It is interesting, though, that lists can be used in destructive and non-destructive fashion likewise. There are both low- and high-level functions in Lisp that perform list modification, and their existence is justified by the use cases in many algorithms. Purely functional lists render many of the efficient list algorithms useless. One of the high-level list modification function is nconc. It concatenates two lists together updating in the process the next pointer of the last cons cell of the first list:

CL-USER> (let ((l1 (list 1 2 3))
               (l2 (list 4 5 6)))
           (nconc l1 l2)  ; note no assignment to l1
           l1)            ; but it is still changed
(1 2 3 4 5 6)

There's a functional variant of this operation, append, and, in general, it is considered distasteful to use nconc for two reasons:

  • the risk of unwarranted modification
  • funny enough, the implementation of nconc, actually, isn't mandated to be more efficient than that of append

So, forget nconc, append all the lists!

Using append we'll need to modify the previous piece of code because otherwise the newly created list will be garbage-collected immediately:

CL-USER> (let ((l1 (list 1 2 3))
               (l2 (list 4 5 6)))
           (:= l1 (append l1 l2))
(1 2 3 4 5 6)

The low-level list modification operations are rplaca and rplacd. They can be combined with list-specific accessors nth and nthcdr that provide indexed access to list elements and tails respectively. Here's, for example, how to add an element in the middle of a list:

CL-USER> (let ((l1 (list 1 2 3)))
           (rplacd (nthcdr 0 l1)
                   (cons 4 (nthcdr 1 l1)))
(1 4 2 3)

Just to re-iterate, although functional list operations are the default choice, for efficient implementation of some algorithms, you'll need to resort to the ugly destructive ones.

Different Kinds of Lists

We have, thus far, seen the most basic linked list variant — a singly-linked one. It has a number of limitations: for instance, it's impossible to traverse it from the end to the beginning. Yet, there are many algorithms that require accessing the list from both sides or do other things with it that are inefficient or even impossible with the singly-linked one, hence other, more advanced, list variants exist.

But first, let's consider an interesting tweak to the regular singly-linked list — a circular list. It can be created from the normal one by making the last cons cell point to the first. It may seem like a problematic data structure to work with, but all the potential issues with infinite looping while traversing it are solved if we keep a pointer to any node and stop iteration when we encounter this node for the second time.

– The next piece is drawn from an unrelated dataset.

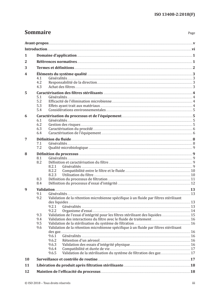 ISO 13408-2:2018 spécifie les exigences de filtration stérilisante dans le cadre du traitement aseptique des produits de santé, mené conformément à ISO 13408‑1. Il propose également aux utilisateurs de filtres des recommandations concernant les exigences générales pour la configuration, la validation et les opérations de routine d'un processus de filtration stérilisante. ISO 13408-2:2018 ne concerne pas l'élimination des virus. La filtration stérilisante ne s'applique pas aux fluides contenant volontairement des particules de taille supérieure à la dimension des pores du filtre (par exemple: vaccins à cellules bactériennes entières). ISO 13408-2:2018 ne s'applique pas aux filtres HEPA (High Efficiency Particulate Air). ISO 13408-2:2018 ne spécifie pas d'exigences relatives à l'élaboration, à la validation et au contrôle de routine d'un processus d'élimination des agents de prolifération de l'encéphalopathie spongiforme, telle que la tremblante du mouton, l'encéphalopathie spongiforme bovine et la maladie de Creutzfeldt-Jakob. Des recommandations spécifiques ont été rédigées dans des pays déterminés pour le traitement des matériaux potentiellement contaminés par ces agents.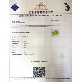 REPORT NO . LY 261CLARITY . N/ACOLOUR . YELLOWSHAPE / CUT . OVALWT . 4.96 CTSDIMENSION . 9-3.7-5.6-5.R . INDEX . 1.76-1.78HARDNESS . 9.0COMMENT . YELLOW SAPPHIRE..

What's the use for such structure? Well, not so many, but there's a prominent one: the ring buffer. A ring or circular buffer is a structure that can hold a predefined number of items and each item is added to the next slot of the current item. This way, when the buffer is completely filled it will wrap around to the first element, which will be overwritten at the next modification. By our buffer-filling algorithm, the element to be overwritten is the one that was written the earliest for the current item set. Using a circular linked list is one of the simplest ways to implement such a buffer. Another approach would be to use an array of a certain size moving the pointer to the next item by incrementing an index into the array. Obviously, when the index reaches array size it should be reset to zero.

A more advanced list variant is a doubly-linked one, in which all the elements have both the next and previous pointers. The following definition, using inheritance, extends our original list-cell with a pointer to the previous element. Thanks to the basic object-oriented capabilities of structs, it will work with the current definition of our-own-list as well, and allow it to function as a doubly-linked list.

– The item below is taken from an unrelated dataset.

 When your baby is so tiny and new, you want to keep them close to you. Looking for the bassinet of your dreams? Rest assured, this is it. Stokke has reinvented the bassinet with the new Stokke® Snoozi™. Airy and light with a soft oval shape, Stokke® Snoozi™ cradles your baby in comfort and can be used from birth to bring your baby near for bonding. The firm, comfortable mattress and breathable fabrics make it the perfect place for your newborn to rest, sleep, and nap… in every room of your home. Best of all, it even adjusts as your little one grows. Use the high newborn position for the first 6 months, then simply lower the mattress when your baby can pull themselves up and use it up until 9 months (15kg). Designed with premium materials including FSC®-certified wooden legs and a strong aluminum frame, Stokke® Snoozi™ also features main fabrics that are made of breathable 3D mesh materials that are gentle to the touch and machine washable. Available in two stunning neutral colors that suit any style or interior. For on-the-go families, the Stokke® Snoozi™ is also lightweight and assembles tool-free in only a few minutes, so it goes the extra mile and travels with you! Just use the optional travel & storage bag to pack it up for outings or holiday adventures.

(defstruct (list-cell2 (:include list-cell))

Yet, we still haven't shown the implementation of the higher-level operations of adding and removing an element to/from our-own-list. Obviously, they will differ for singly- and doubly-linked lists, and that distinction will require us to differentiate the doubly-linked list types. That, in turn, will demand invocation of a rather heavy OO-machinery, which is beyond the subject of this book. Instead, for now, let's just examine the basic list addition function, for the doubly-linked list:

(defun our-cons2 (data list)
  (when (null list) (:= list (make-our-own-list)))
  (let ((new-head (make-list-cell2
                   :data data 
                   :next (when list @list.head))))
    (:= @list.head.prev new-head)
     :head new-head
     :tail @list.tail
     :size (1+ @list.size))))

The first thing to note is the use of the @ syntactic sugar, from RUTILS, that implements the mainstream dot notation for slot-value access (i.e. @list.head.prev refers to the prev field of the head field of the provided list structure of the assumed our-own-list type, which in a more classically Lispy, although cumbersome, variants may look like one of the following: (our-cons2-prev (our-own-list-head list)) or (slot-value (slot-value list 'head) 'prev)[2]).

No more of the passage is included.